After graduating in 2009, he stayed in the Santa Barbara area working ‘biological odd jobs,’ and started a business where he adapted his student-led field course for local Santa Barbara residents. After he saved up some money, he sold everything he owned and traveled to 28 countries in fourteen months, looking for and photographing rare wildlife. Returning from his travels to continue his past jobs made him feel unfulfilled. He remembered his grandfather’s involvement in proving the existence of coelacanth, a fish believed to have gone extinct 60 million years ago.

“I didn’t really want to just go back to being a typical biologist,” he said. So, inspired by his grandfather, he “...created a field which didn’t exist before”: wildlife sciences for animals that have been incorrectly deemed extinct. He created science behind the field, found people to support it, and secured sponsorships to fund it, leading Forrest to co-create and sell the television show, Extinct or Alive.

“Your odds of finding an extinct animal are less than winning the lottery,” Forrest admits. “Extinct means gone. It doesn’t mean they are hiding somewhere. It doesn’t mean there are a few of them left. It means gone, declared by someone to be literally eradicated from the universe. I might as well be going to find aliens or bigfoot, except the difference is that we have rewritten history four times with what we are doing.”

Over the course of the show, Forrest and his team have located several other species thought to be extinct. While extensive DNA testing is necessary to confirm species types, Forrest found suspected footage of a Zanzibar Leopard and a Miller’s grizzled langur (a type of monkey).
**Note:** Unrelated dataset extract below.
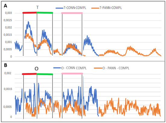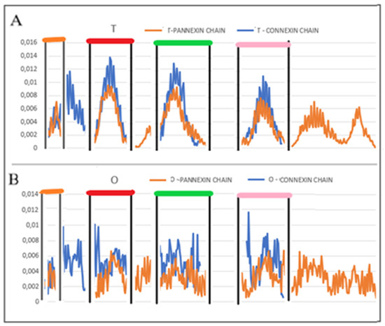 Comparison of hydrophobicity profiles: (A)—profile T, (B)—profile O analogical in pannexin (red) and connexin (blue) as observed in the complex and sections identified as analogous in T profiles of complexes. Similar fragments are distinguished by colors according to the presentation in Figure 8 and Table 2.

Forrest collected DNA from a possible Pondicherry shark, examined an abnormally large lion with 14% DNA from what might be the extinct Cape lion, uncovered the 200-year-old skull of a Malagasy hippopotamus that had been thought extinct for 1,000 years, attempted to breed two of the three remaining Yangtze giant softshell turtles, and researched the Rio Apaporis caiman, a subspecies of the Spectacled caiman which he believes might be its own species instead of a subspecies.
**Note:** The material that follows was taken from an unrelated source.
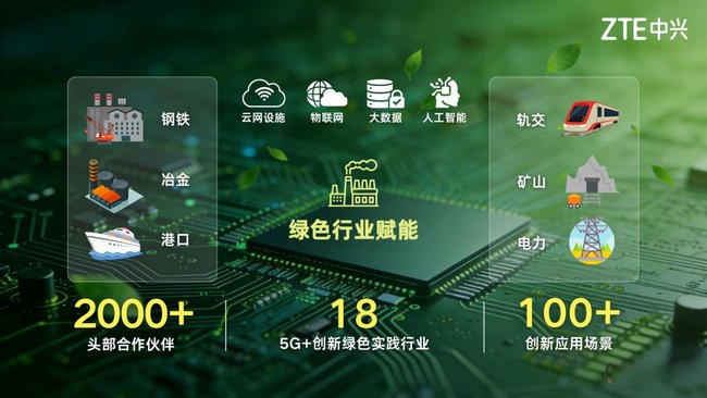 在綠色行業(yè)賦能方面,中興通訊通過云網(wǎng)設(shè)施、物聯(lián)網(wǎng)、大數(shù)據(jù)、人工智能等一系列先進(jìn)技術(shù)與傳統(tǒng)產(chǎn)業(yè)結(jié)合,實(shí)現(xiàn)發(fā)展與減排的雙贏,已攜手2000+個(gè)行業(yè)頭部合作伙伴在鋼鐵、冶金、電子制造、港口、軌交、礦山、電力等18個(gè)行業(yè)廣泛開展5G+創(chuàng)新綠色實(shí)踐,打造了100多個(gè)創(chuàng)新應(yīng)用場景。

To sit there and hold a species that the entire world has written off as gone forever as being extinct is just one of the most remarkable and astonishing feelings not just on a personal level, but on a much larger level for conservation

Forrest is awed every time he discovers something thought to be extinct because it gives him hope. He said finding a species “...inspires so much hope. Hope for the future of the species, hope for conservation of wildlife globally, and… hope that we can right our wrongs as human beings where we can take something that we have destroyed to the point that it no longer exists, and now, maybe, just maybe, that we have uncovered this evidence, we can bring it back.”

In February 2019, Forrest rediscovered the Fernandina Tortoise on a volcanic island of the Galapagos. The tortoise had been classified extinct for 106 years. Thinking of Fern, the Fernandina Tortoise, he remembered, “To sit there and hold a species that the entire world has written off as gone forever as being extinct is just one of the most remarkable and astonishing feelings not just on a personal level, but on a much larger level for conservation.”